> _What this task involves_
From the listing below, output the lines between the one with "多宝·duobao官方网站-登录入口是经" and the one with "Borste med metallpiggar", including those two, and nothing else. Pictures are not copied.
:::::
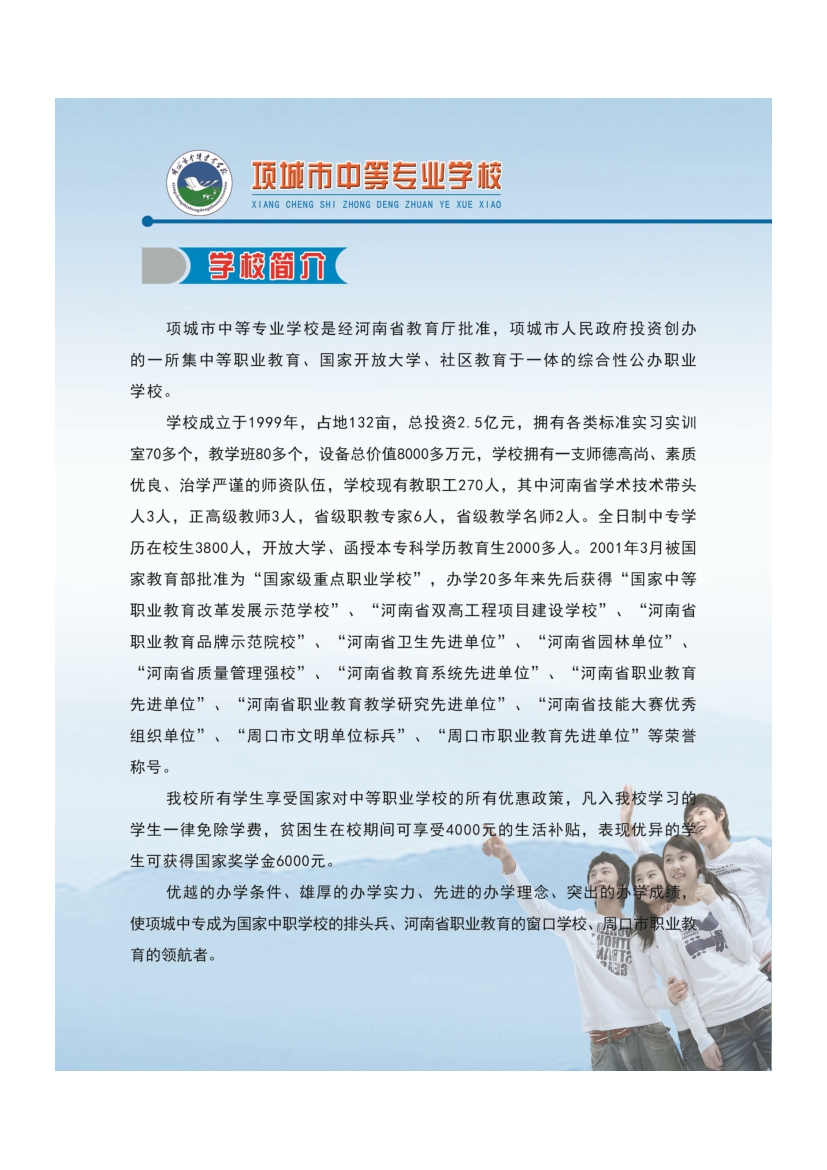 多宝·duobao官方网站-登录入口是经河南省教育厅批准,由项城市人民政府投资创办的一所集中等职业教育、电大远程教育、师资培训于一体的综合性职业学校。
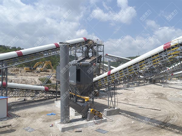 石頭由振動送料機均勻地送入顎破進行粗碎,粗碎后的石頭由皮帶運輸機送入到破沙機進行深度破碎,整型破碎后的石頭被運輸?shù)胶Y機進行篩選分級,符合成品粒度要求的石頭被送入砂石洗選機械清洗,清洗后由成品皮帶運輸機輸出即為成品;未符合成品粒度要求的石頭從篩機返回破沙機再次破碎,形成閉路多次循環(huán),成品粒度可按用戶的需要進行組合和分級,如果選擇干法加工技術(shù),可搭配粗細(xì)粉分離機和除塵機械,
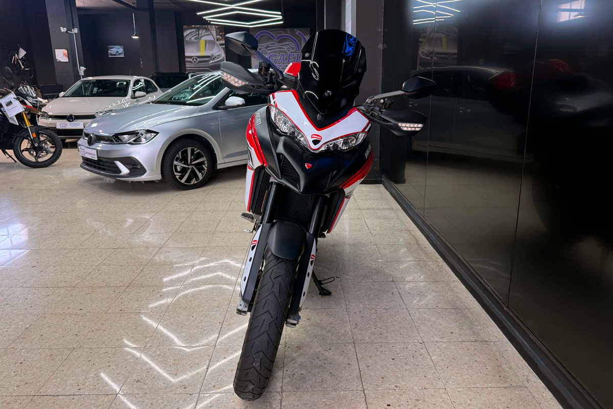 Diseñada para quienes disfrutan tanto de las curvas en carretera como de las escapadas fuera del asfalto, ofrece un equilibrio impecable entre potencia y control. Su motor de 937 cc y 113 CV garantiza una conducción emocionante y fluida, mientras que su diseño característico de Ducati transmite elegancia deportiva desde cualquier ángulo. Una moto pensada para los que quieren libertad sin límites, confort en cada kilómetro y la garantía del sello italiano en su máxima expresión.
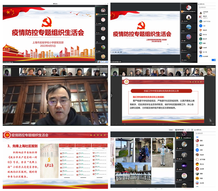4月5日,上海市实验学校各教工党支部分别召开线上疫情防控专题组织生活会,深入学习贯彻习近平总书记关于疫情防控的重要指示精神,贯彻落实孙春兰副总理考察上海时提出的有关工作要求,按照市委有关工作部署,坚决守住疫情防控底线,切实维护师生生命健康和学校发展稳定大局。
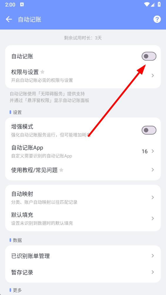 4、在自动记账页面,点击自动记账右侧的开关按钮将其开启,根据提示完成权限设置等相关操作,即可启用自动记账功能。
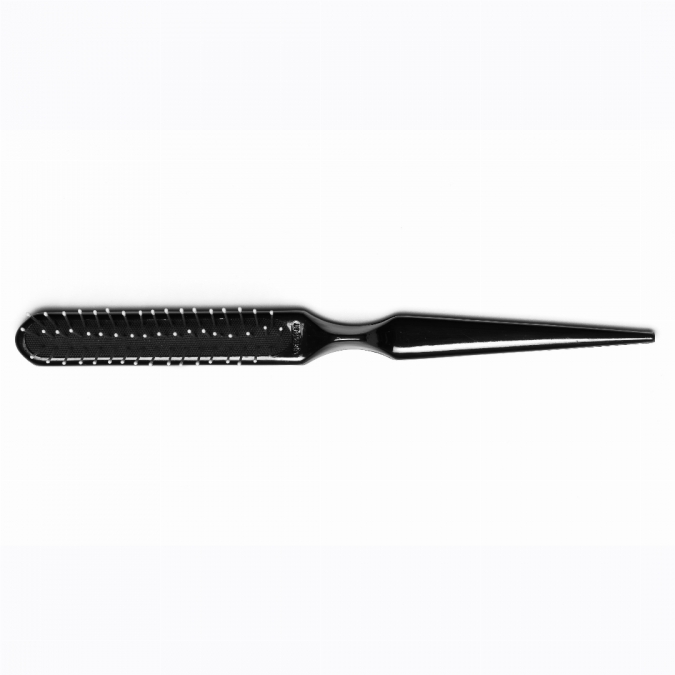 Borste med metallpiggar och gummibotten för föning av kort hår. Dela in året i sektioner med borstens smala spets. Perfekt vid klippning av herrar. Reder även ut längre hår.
:::::
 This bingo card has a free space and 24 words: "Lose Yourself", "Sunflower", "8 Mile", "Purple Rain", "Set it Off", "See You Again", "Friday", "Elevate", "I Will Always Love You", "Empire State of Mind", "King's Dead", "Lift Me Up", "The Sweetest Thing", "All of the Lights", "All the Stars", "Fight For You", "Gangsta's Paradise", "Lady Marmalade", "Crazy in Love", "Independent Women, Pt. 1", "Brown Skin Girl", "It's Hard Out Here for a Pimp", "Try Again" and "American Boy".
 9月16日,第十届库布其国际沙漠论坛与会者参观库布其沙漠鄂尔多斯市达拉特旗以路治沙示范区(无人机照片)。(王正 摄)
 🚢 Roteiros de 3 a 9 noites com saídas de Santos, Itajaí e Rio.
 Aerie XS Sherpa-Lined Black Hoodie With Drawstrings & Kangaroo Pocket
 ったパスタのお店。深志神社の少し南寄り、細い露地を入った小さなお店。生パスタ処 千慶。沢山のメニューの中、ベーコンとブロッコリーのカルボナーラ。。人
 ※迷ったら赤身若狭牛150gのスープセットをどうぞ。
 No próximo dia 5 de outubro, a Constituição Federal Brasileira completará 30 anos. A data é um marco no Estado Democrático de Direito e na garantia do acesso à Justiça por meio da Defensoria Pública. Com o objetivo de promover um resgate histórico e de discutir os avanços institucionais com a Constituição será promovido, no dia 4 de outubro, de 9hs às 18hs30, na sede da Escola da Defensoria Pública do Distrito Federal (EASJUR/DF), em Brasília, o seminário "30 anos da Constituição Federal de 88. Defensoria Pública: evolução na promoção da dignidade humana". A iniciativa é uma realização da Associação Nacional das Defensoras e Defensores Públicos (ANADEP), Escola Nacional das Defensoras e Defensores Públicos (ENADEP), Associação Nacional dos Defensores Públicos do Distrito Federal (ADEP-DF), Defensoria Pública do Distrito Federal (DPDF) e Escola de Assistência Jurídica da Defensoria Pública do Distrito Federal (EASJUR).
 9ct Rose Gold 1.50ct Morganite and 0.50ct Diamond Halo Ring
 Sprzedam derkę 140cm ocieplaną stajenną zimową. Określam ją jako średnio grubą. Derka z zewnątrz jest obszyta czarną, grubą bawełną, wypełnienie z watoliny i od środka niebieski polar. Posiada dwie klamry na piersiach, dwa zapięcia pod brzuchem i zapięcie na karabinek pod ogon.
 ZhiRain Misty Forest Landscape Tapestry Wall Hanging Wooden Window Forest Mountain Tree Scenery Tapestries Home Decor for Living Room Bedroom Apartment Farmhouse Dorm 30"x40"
:::::
> _Response to this exercise_
 多宝·duobao官方网站-登录入口是经河南省教育厅批准,由项城市人民政府投资创办的一所集中等职业教育、电大远程教育、师资培训于一体的综合性职业学校。
 石頭由振動送料機均勻地送入顎破進行粗碎,粗碎后的石頭由皮帶運輸機送入到破沙機進行深度破碎,整型破碎后的石頭被運輸?shù)胶Y機進行篩選分級,符合成品粒度要求的石頭被送入砂石洗選機械清洗,清洗后由成品皮帶運輸機輸出即為成品;未符合成品粒度要求的石頭從篩機返回破沙機再次破碎,形成閉路多次循環(huán),成品粒度可按用戶的需要進行組合和分級,如果選擇干法加工技術(shù),可搭配粗細(xì)粉分離機和除塵機械,
 Diseñada para quienes disfrutan tanto de las curvas en carretera como de las escapadas fuera del asfalto, ofrece un equilibrio impecable entre potencia y control. Su motor de 937 cc y 113 CV garantiza una conducción emocionante y fluida, mientras que su diseño característico de Ducati transmite elegancia deportiva desde cualquier ángulo. Una moto pensada para los que quieren libertad sin límites, confort en cada kilómetro y la garantía del sello italiano en su máxima expresión.
4月5日,上海市实验学校各教工党支部分别召开线上疫情防控专题组织生活会,深入学习贯彻习近平总书记关于疫情防控的重要指示精神,贯彻落实孙春兰副总理考察上海时提出的有关工作要求,按照市委有关工作部署,坚决守住疫情防控底线,切实维护师生生命健康和学校发展稳定大局。
 4、在自动记账页面,点击自动记账右侧的开关按钮将其开启,根据提示完成权限设置等相关操作,即可启用自动记账功能。
 Borste med metallpiggar och gummibotten för föning av kort hår. Dela in året i sektioner med borstens smala spets. Perfekt vid klippning av herrar. Reder även ut längre hår.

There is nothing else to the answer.